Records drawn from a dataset
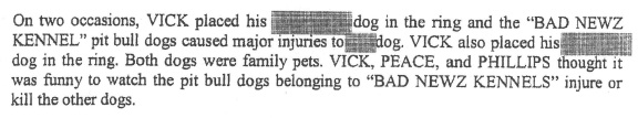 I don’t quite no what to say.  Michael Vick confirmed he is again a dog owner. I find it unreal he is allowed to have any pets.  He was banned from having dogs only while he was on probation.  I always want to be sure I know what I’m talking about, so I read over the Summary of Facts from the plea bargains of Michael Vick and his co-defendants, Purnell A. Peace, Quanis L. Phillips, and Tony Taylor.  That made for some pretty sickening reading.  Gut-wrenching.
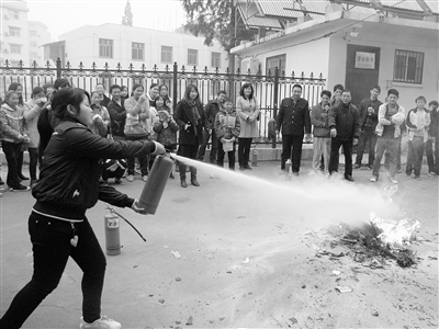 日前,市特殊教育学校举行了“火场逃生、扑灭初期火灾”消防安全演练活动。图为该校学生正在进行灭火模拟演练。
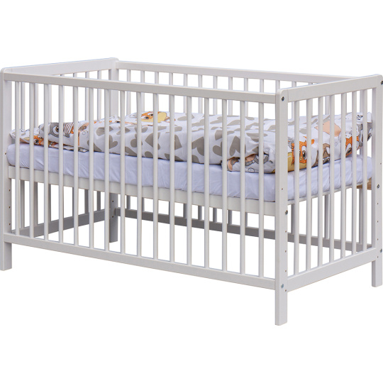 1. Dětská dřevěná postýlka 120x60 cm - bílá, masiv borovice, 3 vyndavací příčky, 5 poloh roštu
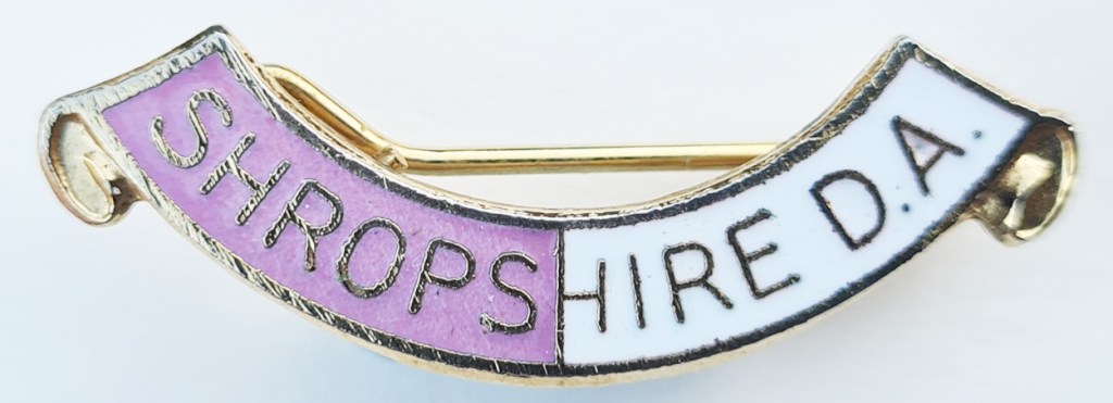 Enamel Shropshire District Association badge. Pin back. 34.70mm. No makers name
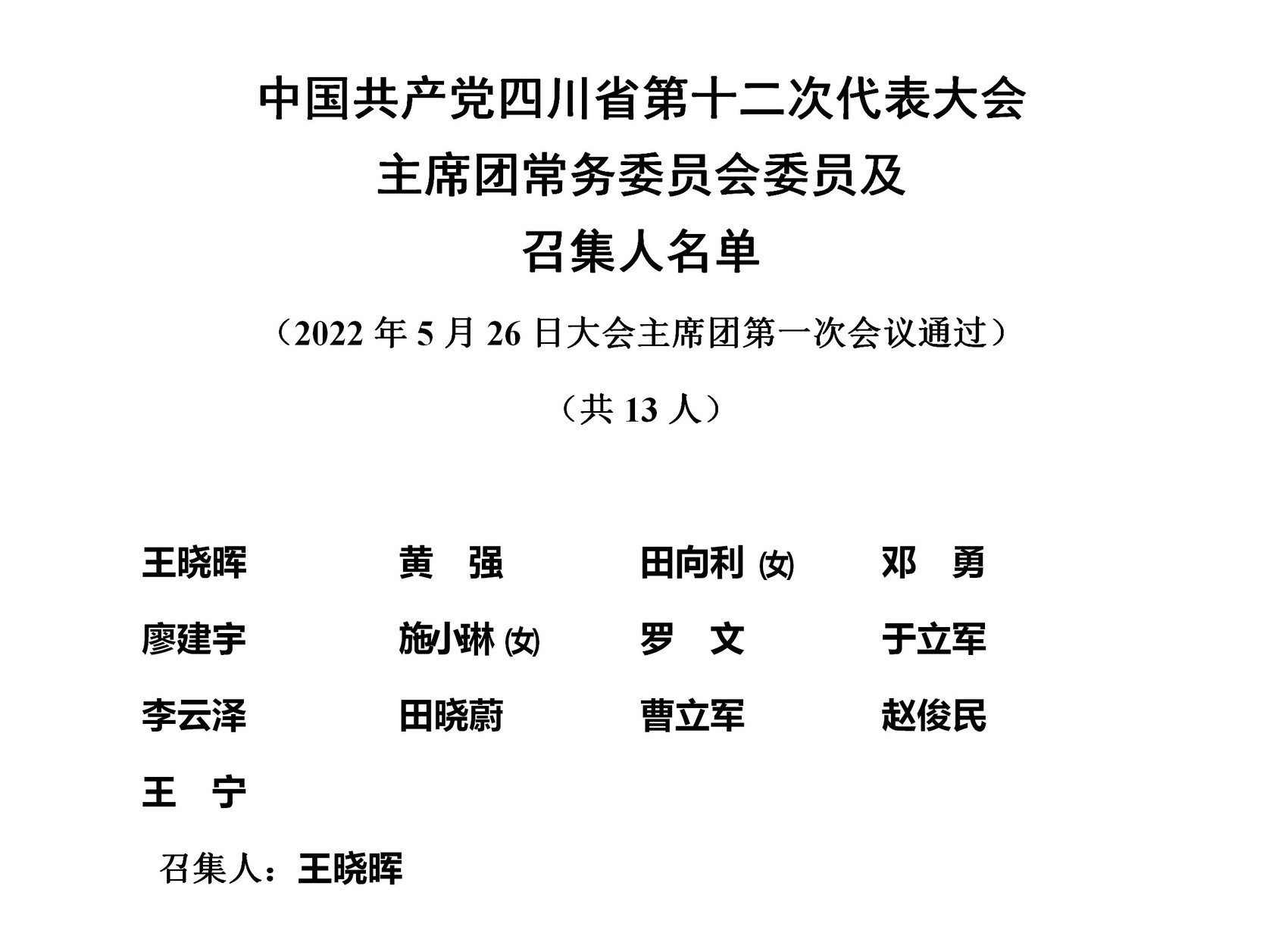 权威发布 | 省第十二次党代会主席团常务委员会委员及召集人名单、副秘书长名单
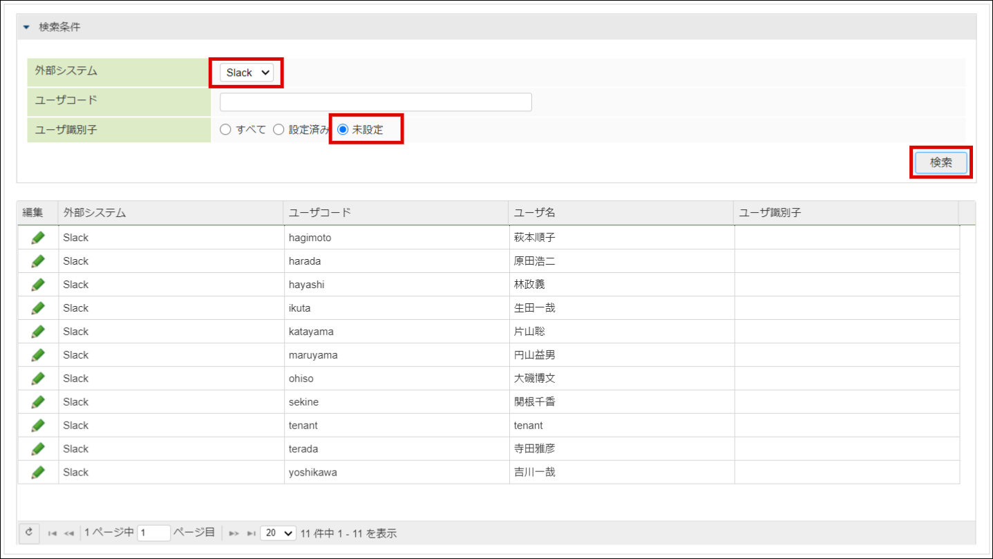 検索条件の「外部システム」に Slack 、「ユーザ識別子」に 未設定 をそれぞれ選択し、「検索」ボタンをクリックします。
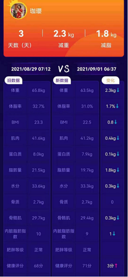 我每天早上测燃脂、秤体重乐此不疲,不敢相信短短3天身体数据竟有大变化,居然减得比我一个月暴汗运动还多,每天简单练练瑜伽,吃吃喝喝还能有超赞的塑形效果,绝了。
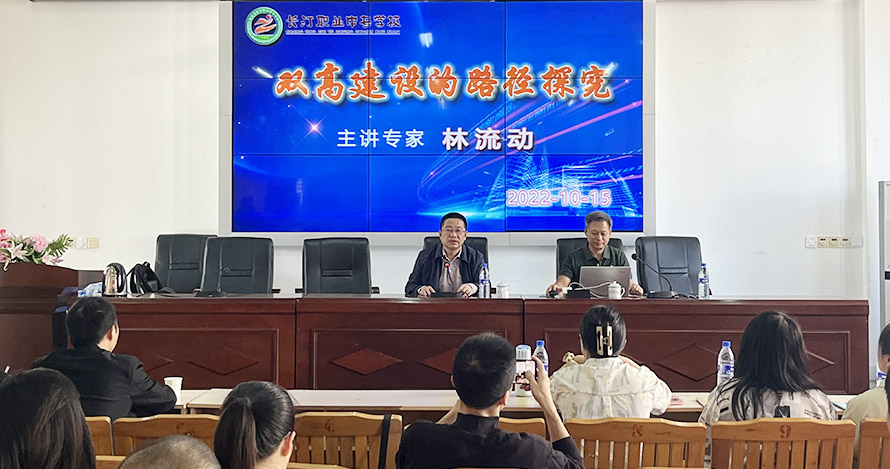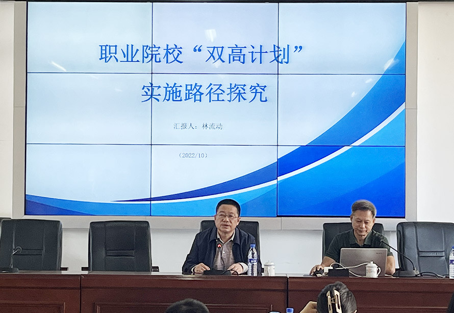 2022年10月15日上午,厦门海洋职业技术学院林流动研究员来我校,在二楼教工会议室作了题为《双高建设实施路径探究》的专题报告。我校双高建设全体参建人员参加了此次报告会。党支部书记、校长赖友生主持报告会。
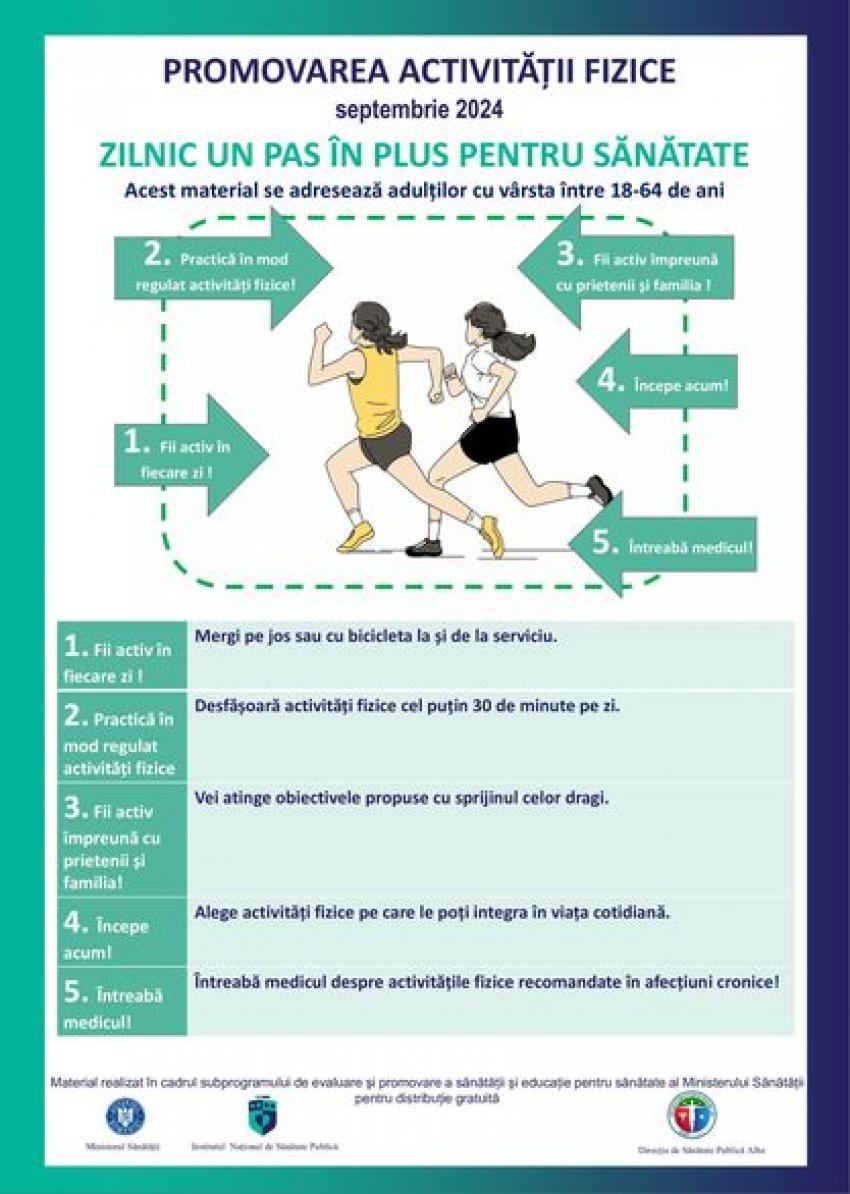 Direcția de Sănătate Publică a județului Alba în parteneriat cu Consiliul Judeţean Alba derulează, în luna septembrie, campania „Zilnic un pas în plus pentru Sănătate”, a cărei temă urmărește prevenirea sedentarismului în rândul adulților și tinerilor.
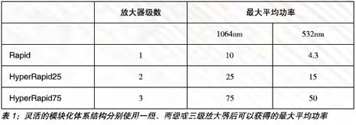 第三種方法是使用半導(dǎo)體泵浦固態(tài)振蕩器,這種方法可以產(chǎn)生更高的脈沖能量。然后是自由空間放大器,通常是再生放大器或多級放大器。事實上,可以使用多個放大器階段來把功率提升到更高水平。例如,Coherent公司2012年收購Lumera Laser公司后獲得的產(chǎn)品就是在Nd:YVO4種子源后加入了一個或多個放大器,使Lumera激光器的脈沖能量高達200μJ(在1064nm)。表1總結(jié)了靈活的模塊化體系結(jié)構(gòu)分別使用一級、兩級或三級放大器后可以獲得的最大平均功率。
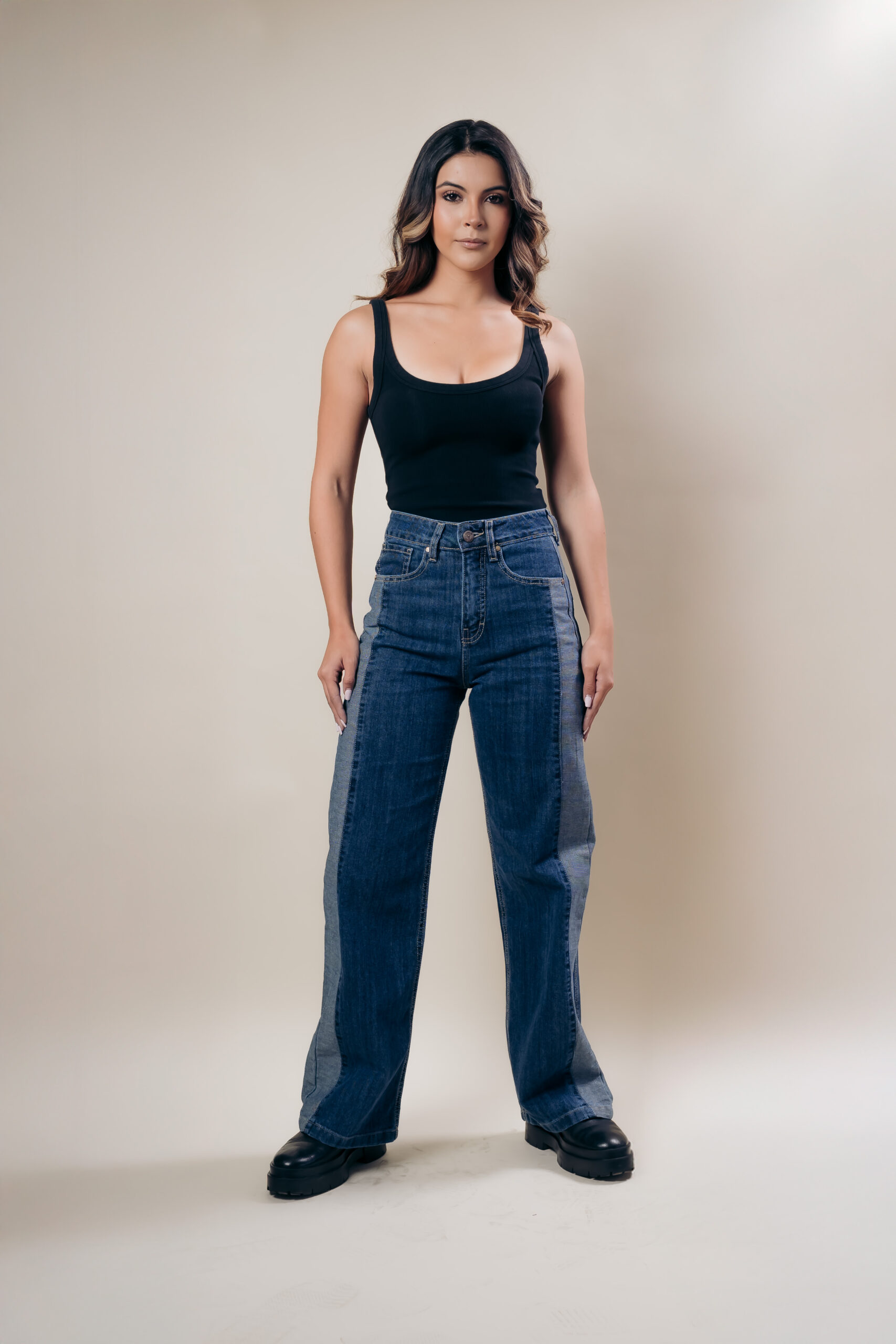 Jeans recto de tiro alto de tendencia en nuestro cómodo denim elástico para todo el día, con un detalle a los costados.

## Prompt
Take the line containing "1. Dětská dřevěná" and every line after it through the end of the data, and write them out exactly, with no pictures.

## Solution to this problem
 1. Dětská dřevěná postýlka 120x60 cm - bílá, masiv borovice, 3 vyndavací příčky, 5 poloh roštu
 Enamel Shropshire District Association badge. Pin back. 34.70mm. No makers name
 权威发布 | 省第十二次党代会主席团常务委员会委员及召集人名单、副秘书长名单
 検索条件の「外部システム」に Slack 、「ユーザ識別子」に 未設定 をそれぞれ選択し、「検索」ボタンをクリックします。
 我每天早上测燃脂、秤体重乐此不疲,不敢相信短短3天身体数据竟有大变化,居然减得比我一个月暴汗运动还多,每天简单练练瑜伽,吃吃喝喝还能有超赞的塑形效果,绝了。
 2022年10月15日上午,厦门海洋职业技术学院林流动研究员来我校,在二楼教工会议室作了题为《双高建设实施路径探究》的专题报告。我校双高建设全体参建人员参加了此次报告会。党支部书记、校长赖友生主持报告会。
 Direcția de Sănătate Publică a județului Alba în parteneriat cu Consiliul Judeţean Alba derulează, în luna septembrie, campania „Zilnic un pas în plus pentru Sănătate”, a cărei temă urmărește prevenirea sedentarismului în rândul adulților și tinerilor.
 第三種方法是使用半導(dǎo)體泵浦固態(tài)振蕩器,這種方法可以產(chǎn)生更高的脈沖能量。然后是自由空間放大器,通常是再生放大器或多級放大器。事實上,可以使用多個放大器階段來把功率提升到更高水平。例如,Coherent公司2012年收購Lumera Laser公司后獲得的產(chǎn)品就是在Nd:YVO4種子源后加入了一個或多個放大器,使Lumera激光器的脈沖能量高達200μJ(在1064nm)。表1總結(jié)了靈活的模塊化體系結(jié)構(gòu)分別使用一級、兩級或三級放大器后可以獲得的最大平均功率。
 Jeans recto de tiro alto de tendencia en nuestro cómodo denim elástico para todo el día, con un detalle a los costados.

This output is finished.